Ilia's Site

1. What is the paper about as a whole?

It's about generating a LoRA weight update given arbitrary task description. They train a hypernetwork (T2L) that can generate those weights. The paper evaluates several methods of training that hypernetwork and compares them.

2. What is being said in detail, and how?

A hypernetwork can be used to generate weight updates on the fly. Basically, given an LLM and a task description, the authors embed the layers (i.e. FFN or Q,K,V weight matrix), depth and task description and use existing LoRA weights to create a hypernetwork that can generalize.

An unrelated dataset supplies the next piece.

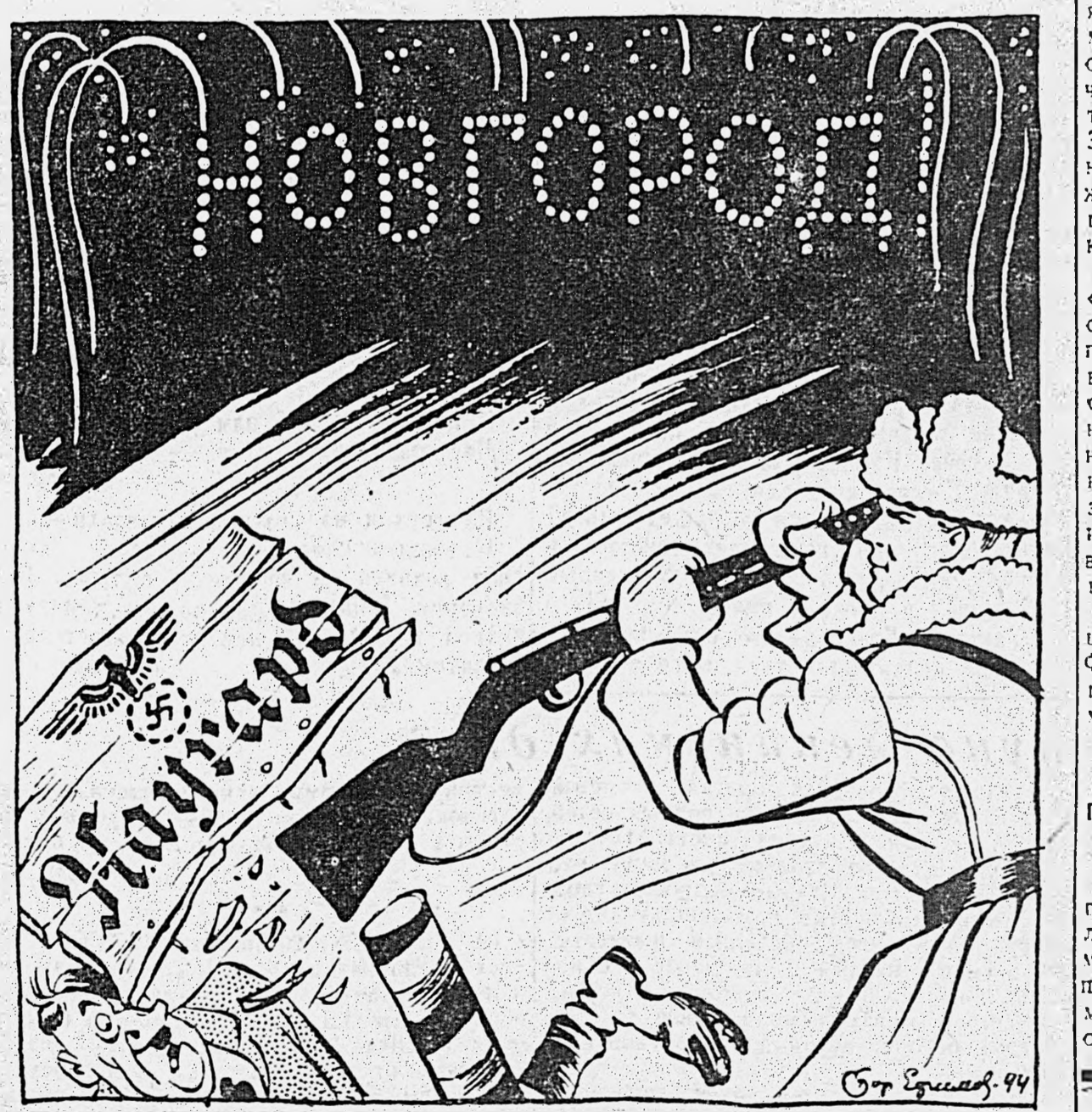
Исправленному — верить!

The authors experiment with two basic ideas: 1. Reconstructing existing LoRA weights with the hypernetwork. Basically, they embed the LoRA to be reconstructed as one-hot vector and re-use the rest of the network 2. Use text embedder model to create arbitrary embeddings for any LoRA. This is done through a dataset of task descriptions that is used for existing LoRA updates

They also vary the architecture of the hypernetwork - i.e. how they handle the output of the neural net. For example, they could both A and B parts of LoRA weights together or one by one by, through embedding. The smaller architectures require more steps to generate all the parts of LoRA (the final output)

Results show that SFT works substantially better than reconstruction. Also, generating the whole of LoRA weights with the largest architecture works best. The improvements in speed are more than promising as you can use a single hypernetwork for unlimited amount of LoRAs

3. Is the paper true, in whole or part?

The paper seems to be generating weights but it's difficult to apply. Training a hypernetwork is a brittle process and is LLM-specific. The benefits seem promising but it's unclear if the effort is best spent on training this network or on trying alternative context engineering methods.

Also, it's unclear how well the hypernetwork can generalize to task not in the LoRA dataset.

4. What of it?

It's something worth experimenting with if one is to play with LoRAs. I'm not sure that going straight to the network is the best choice if not trying out already trained LoRA first.